Print the whole listing below exactly as given, pictures excluded.

— Collected material —
• • • •

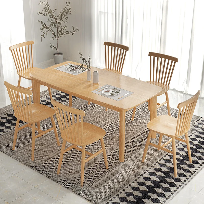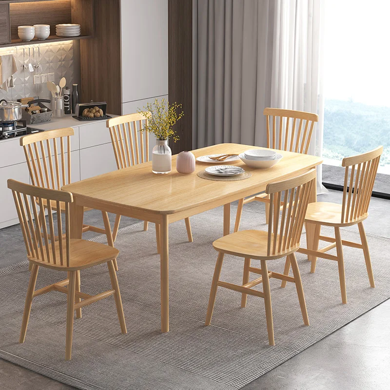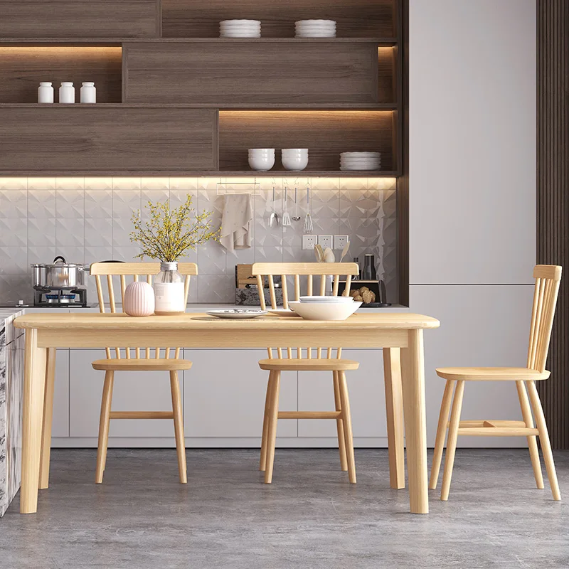 Household small apartment simple modern multi function solid wood rectangular kitchen dining room table
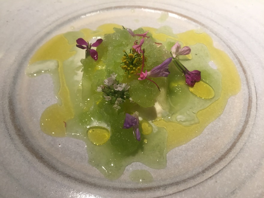 - El equilibrio entre la granita de melón y el aceite de oliva más la burrata;
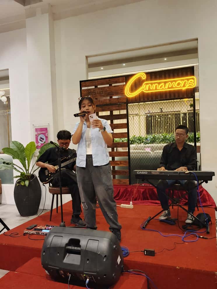 Madiun – Suasana Jumat malam, 7 November 2025 menjadi lebih meriah dan penuh energi kreatif di area outdoor Café The Sun Hotel Madiun. Para murid dari SMA Negeri 2 Madiun tampil mengisi acara Live Acoustic bertajuk “Cinnamons High School” dengan penuh percaya diri, menampilkan karya musik dan vokal yang menggambarkan perkembangan artistik mereka sebagai generasi muda kreatif. Acara yang dimulai pukul 19.00 WIB ini menghadirkan pertunjukan bernuansa santai, elegan, sekaligus menjadi ruang aktualisasi bagi para pelajar untuk tampil di panggung publik secara profesional. Ini menjadi praktik pembelajaran seni budaya yang bukan hanya berada di dalam kelas, tetapi juga terasa nyata melalui pengalaman langsung, interaksi real dengan audiens, evaluasi diri, konsolidasi mental performer, kerja sama antar pemain, serta kemampuan mengolah rasa dan ekspresi artistik dalam konteks pertunjukan sungguhan.

• • • •

— Task result —
 Household small apartment simple modern multi function solid wood rectangular kitchen dining room table
 - El equilibrio entre la granita de melón y el aceite de oliva más la burrata;
 Madiun – Suasana Jumat malam, 7 November 2025 menjadi lebih meriah dan penuh energi kreatif di area outdoor Café The Sun Hotel Madiun. Para murid dari SMA Negeri 2 Madiun tampil mengisi acara Live Acoustic bertajuk “Cinnamons High School” dengan penuh percaya diri, menampilkan karya musik dan vokal yang menggambarkan perkembangan artistik mereka sebagai generasi muda kreatif. Acara yang dimulai pukul 19.00 WIB ini menghadirkan pertunjukan bernuansa santai, elegan, sekaligus menjadi ruang aktualisasi bagi para pelajar untuk tampil di panggung publik secara profesional. Ini menjadi praktik pembelajaran seni budaya yang bukan hanya berada di dalam kelas, tetapi juga terasa nyata melalui pengalaman langsung, interaksi real dengan audiens, evaluasi diri, konsolidasi mental performer, kerja sama antar pemain, serta kemampuan mengolah rasa dan ekspresi artistik dalam konteks pertunjukan sungguhan.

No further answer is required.